A couple of Canadian entrepreneurs are capitalising on the lack of fresh, clean air in polluted cities by shipping out some of theirs. They’ve come up with a way to can fresh air from the Canadian Rocky Mountains and are now selling it all over the world under the brand ‘Vitality Air’.

“Essentially, we’re selling air,” said Troy Paquette, one of the co-founders, adding that the idea originated as a joke during a random discussion with his friend Moses Lam. They were discussing pollution when they thought it would be neat if they could just send some of their own fresh air to people who didn’t have any. And then they decided to do just that.

The first prototype was a Ziploc bag filled with Banff air, which sold on eBay for 99 cents. So they made a second bag and started a bidding war, and it went for a whopping $168. Inspired by their success, Paquette, 37, and Lam, 30, created a legitimate business in 2014. They started packaging air from the Rockies in canisters of various sizes, priced between $15 and $46. The $15 can contains about 150 inhalations worth of air.

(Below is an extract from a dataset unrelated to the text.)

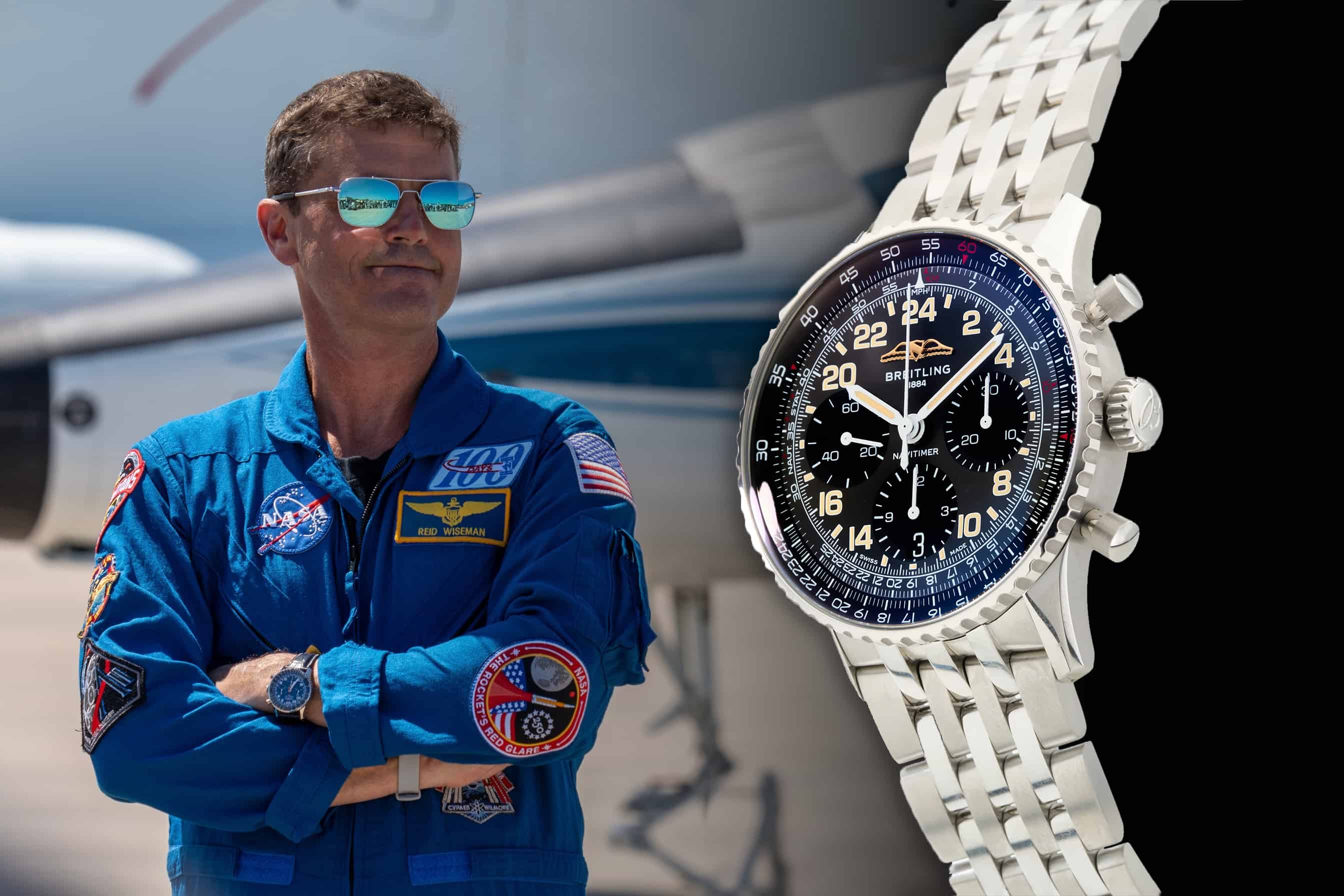 The Cosmonaute does not seem to be a regular-production model, and perhaps is a special edition made by Breitling specifically for the crew as an extra wink to the Carpenter past. The reason I say this is because it has a dark outer ring, and dark subdials whereas the current production model has contrasting white subdials and a white outer ring. The closest watch I could find to this Cosmonaute is a Japan limited edition (pictured above) with a grey dial, while images I’ve seen on Wiseman’s wrist make it look more blue.
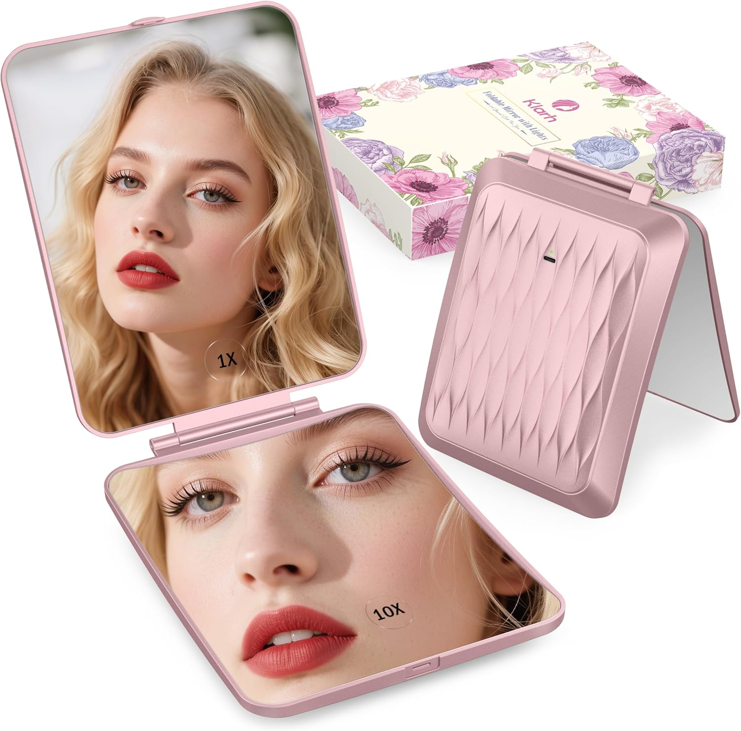 1X/10X Magnifying Makeup Mirror with 3 Colored Lights and Touch Control, 2700mAh Rechargeable LED Vanity Mirror for Home, Bathroom and Travel (Rose Pink, with LED Lights)

The idea turned out to be a success – Vitality Air has received plenty of interest from buyers in Canada and other countries like China, Iran, Afghanistan, Turkey, India, Israel, and Dubai. According to Paquette, the historic rise of air pollution in Beijing has led to an increase in their sales. “The air is just so bad that people want it now,” he said. “They don’t want one can.”

Vitality Air is currently in talks with distributors in China and other countries, who actually want to stock the product in local retail stores. “It’s something we never expected in our wildest dreams,” Paquette said. Inspired by the huge demand, they’ve also added bottled oxygen to their line of products.

When asked about the exact process behind packaging air, Lam refused to reveal the details. “That’s sort of our trade secret, but I can assure you we don’t just sit outside and wave our hands in the air,” he said. “It’s a tedious process, we’re out there for roughly 20 hours capturing air.” He did mention that they bring back fresh air in bulk and bottle it in a factory.

Vitality Air isn’t the first product of its kind – we’ve seen plenty of other entrepreneurs trying to make a successful business out of selling air in a can. Chinese billionaire Chen Guangbiao sold canned fresh air in 2012 to raise awareness about the environment. About a year later we heard about this French student who made huge profits selling ‘Air de Montcuq’ – fresh air ‘harvested’ from his hometown of Montcuq.

And earlier this year, there were these Siberian entrepreneurs who marketed air from a ‘Yeti’s Cave’ that was supposedly more powerful than Viagra!